Все посмотрели на меня, и выражение их глаз изменилось. Теперь в них была не любовь, а сострадание.
Анна попрощалась со мной. Она лишь тронула меня за плечо, потом стена открылась, и она ушла от меня навсегда. Солнце стояло уже невысоко и начинало клониться к западу. Теперь облака поднимались на гору от мира, раскинувшегося внизу. Я покинул Монте Вериту.
В деревню я пришел к вечеру. Луна еще не взошла. Вскоре, часа через два, она должна была появиться над восточным гребнем и осветить все небо.
Они уже ждали — люди из долины. Их было сотни три, даже больше, и они собрались группами у лачуг. Все они были вооружены: кто винтовками и гранатами, а кто — топорами и мотыгами. Они разожгли костры вдоль дороги, идущей между домами, сидели и стояли у огня, ели, пили, курили и разговаривали. Некоторые держали на поводках собак. Хозяин первой хижины стоял на пороге вместе с сыном. У них тоже было оружие. Мальчик держал мотыгу, а из-за пояса торчал нож.

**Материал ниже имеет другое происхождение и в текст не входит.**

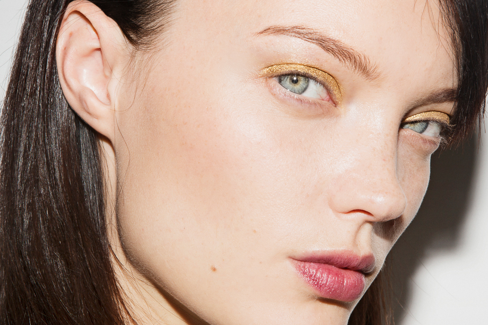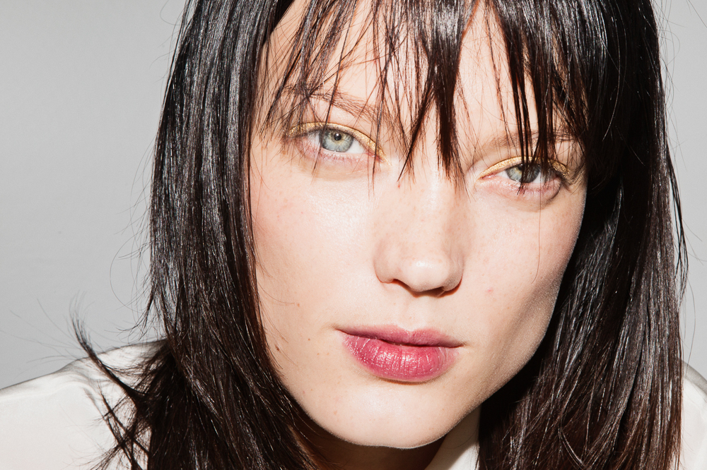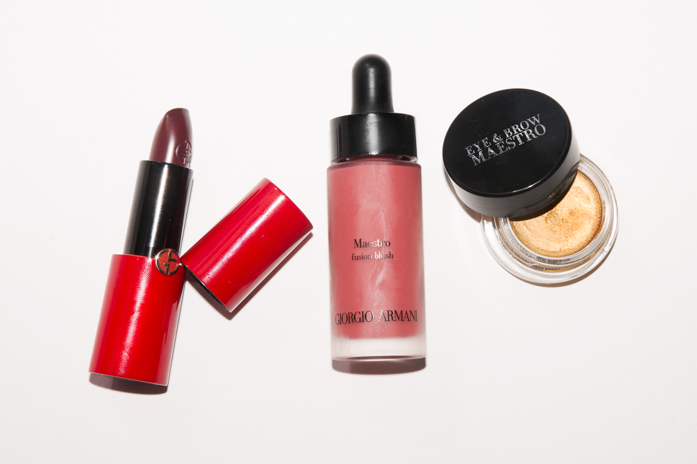 Naty Chabanenko (NEXT) in Giorgio Armani Maestro Fusion Blush in 400, Eye & Brow Maestro in Gold , and Rouge Ecstasy Lipstick in Four Hundred . Photographed by Tom Newton. Makeup by Annie Kreighbaum.

Отец угрюмо посмотрел на меня осоловевшими глазами:
— Ваш друг умер, — сказал он. — Мертв уже много часов.
Я протиснулся за ним в дверь и вошел в комнату. Там горели свечи: одна в изголовье, другая у ног. Я склонился над Виктором и взял его за руку.
Хозяин солгал мне, Виктор еще дышал. Он открыл глаза, когда почувствовал прикосновение.
— Ты видел ее? — спросил он.
— Да, — ответил я.
— Я знал это. Я лежал здесь, но чувствовал, что это случится. Она — моя жена. Все эти годы я любил ее, но увидеть ее суждено было тебе. Ревновать уже поздно, правда?
Огонь свечей был слишком слабый, и он не видел теней у двери, не слышал голосов и возни на улице.
— Ты дал ей мое письмо?
— Оно у нее. Она просила тебя не беспокоиться и не волноваться за нее.
С ней все в порядке. С ней все будет хорошо.
Виктор улыбнулся и выпустил мою руку.
— Все правда, — прошептал он. — Моя мечта о Монте Верите оказалась правдой. Она довольна и счастлива и никогда не состарится, всегда будет прекрасной. Скажи, ее волосы, ее глаза, ее улыбка все такие же?
— Точно такие же, — ответил я. — Анна навсегда останется самой красивой женщиной из всех, каких мы с тобой только знали.
Он промолчал. Я ждал у его постели и вдруг услышал звук рога, ему ответил второй, третий. Толпа на улице зашевелилась. Люди вскидывали на плечи оружие, тушили костры, собирались вместе, чтобы тронуться в путь.
Раздался лай собак. Послышался возбужденный смех.
Когда звуки замерли, я вышел на улицу и стоял один в опустевшей деревне, глядя на полную Луну, поднимавшуюся из темной долины.